Yaklaşık 10 yıl şiir yazdım.  Yazdığımdan çok okudum. (Selçuk Altun’un kulakları çınlasın.) Yıllar içinde ‘görgüm’ arttıkça, şiirimi değiştirme ihtiyacı hissettim –bu olağan. Bir tek şey eksikti, en değerlisi: sesim. Sesimi duyamıyordum yazdıklarımda. Belki de çok okuduğum için oldu bu. (Bu noktada, bu kez de Ülkü Tamer’in kulaklarını çınlatma zamanı! Aynı sebepten ötürü Yusuf Atılgan’a sitem etmişti, “az oku da yaz biraz!”) İyi bir şiiri tanıyordum, bununla övünüyordum, ama bu yazdıklarım [tamamen] benim miydi, ben miydim? Yazdığım her şiirde ruhum biraz daha inciniyordu. İncindikçe inceliyordu ve ben, tanıdığım ben olamadığım için, biten her şiirde biraz daha muzaffer olması gereken ben, tükeniyordum, bu ağırlığın altında eziliyordum… Uzatmiycam,  hayalini kurduğum şiir kitabını çıkaramadım. Buna yönelik herhangi bir girişimde bulunduğum da söylenemez ya neyse. Yılgınlığımda, adı-sanı belli kimi edebiyat dergisi editörlerinden beklediğim dönüşleri alamayışımın da büyük ölçüde bir etkisi olabilir. Öyle hattâ. Falan filan ya, boşverelim. Dünyada, ama en çok da Türkiye’de bir kişinin daha şiiri bırakmış olması, olsa olsa kutlanacak bir şeydir. (Ben ölünce bir grup manyak çıksın ve müridim olsunlar, şiiri bıraktığımı ilân ettiğim şu mübarek 7 Ocak gecesini sevdiğim şairleri okuyarak kutlasınlar, ha, olmaz mı?)

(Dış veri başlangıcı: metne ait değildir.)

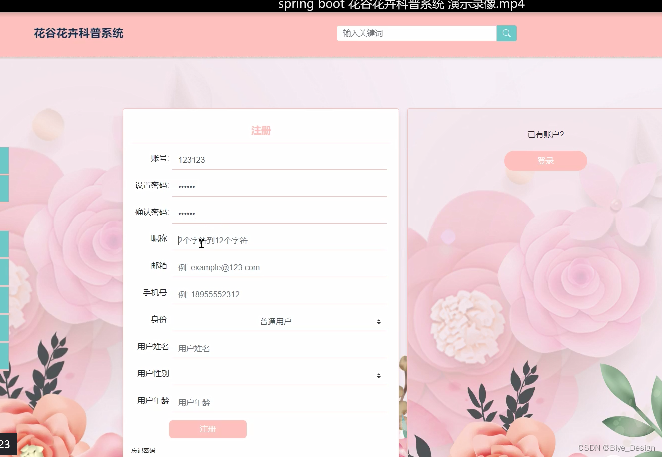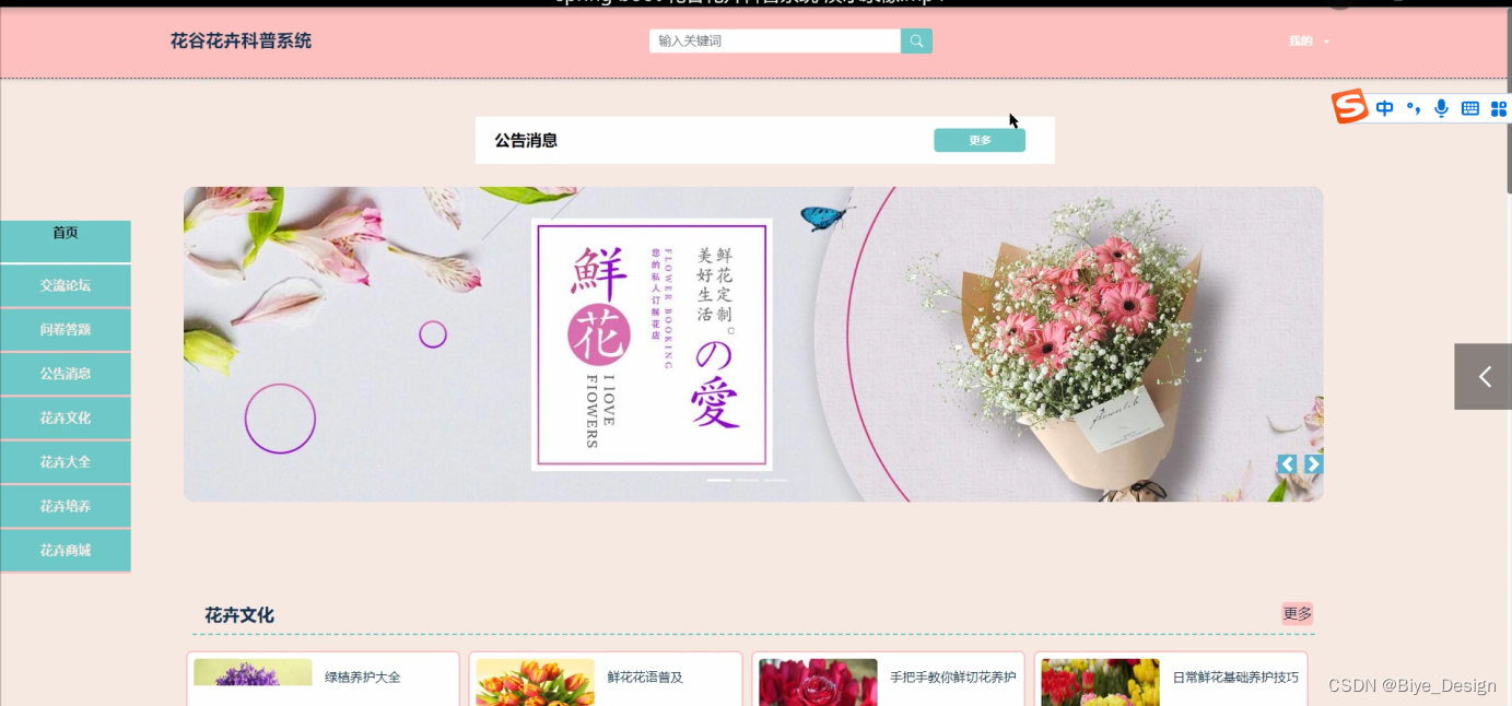 关键字:花谷花卉科普系统 Mysql springboot框架
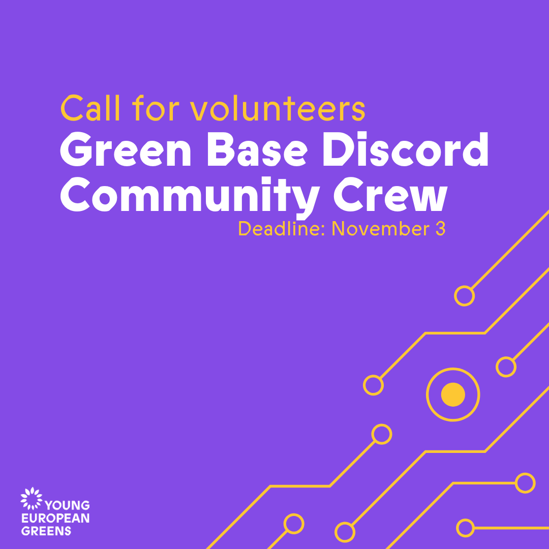 The Young European Greens are looking for volunteers to join the Green Base Community Crew! As part of the team, you’ll be responsible for onboarding new members and boosting engagement within our Discord community, working closely with the FYEG Community Officer and an Executive Committee member.
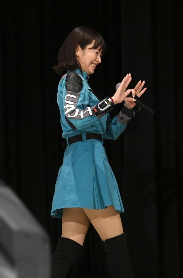 30年前のミニの衣装で登壇したさとう珠緒(撮影・園田高夫)
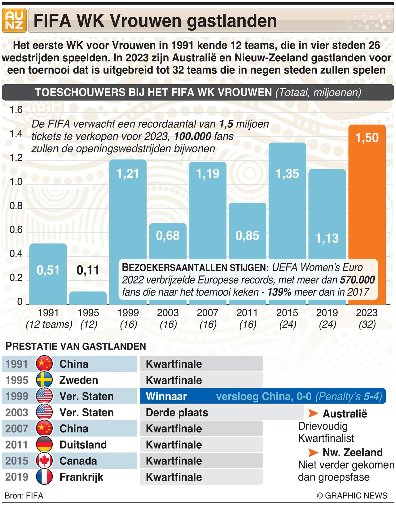 20 juli 2023 – 20 augustus 2023 – Tijdens het eerste WK in 1991 speelden 12 teams 26 wedstrijden in vier steden. In 2023 organiseren Australië en Nieuw-Zeeland een toernooi dat is uitgebreid tot 32 teams die in negen steden strijden.

Unutmadan; kitap ‘çıkabilseydi’, Paul Verlaine’in şu dizeleriyle açılıp,

"İşte yapayalnızım ürkek ve yapayalnız,
Umutsuz, garip bir öksüz misali ablasız,
Daha çok üşüyorum ak saçlı bir adamdan."

şu dizeleriyle kapanacaktı:

"Bırak biraz dinlensin bu alevli arzular.
En doyumsuz anında bile sevdanın, ey yar
Kadın bizi ablaca terkedebilmelidir."

Ablasız doğdum, ablasız büyüdüm. Ne Çin ne de başka bir yerde bir ablam olmadığını biliyorum. Ne yazdımsa, hep bir ablasızlık ağrısıyla yazdım. Hep onu, bir yokluğu düşünerek yazdım. Adsız sansız, üstüne üstlük ablasız bir Milât vardı dersiniz. Adı şiire başlayışının bir hediyesi olarak verilmiş ve şiirin onu bırakmasıyla geri alınmış olan doğmamış bir şair.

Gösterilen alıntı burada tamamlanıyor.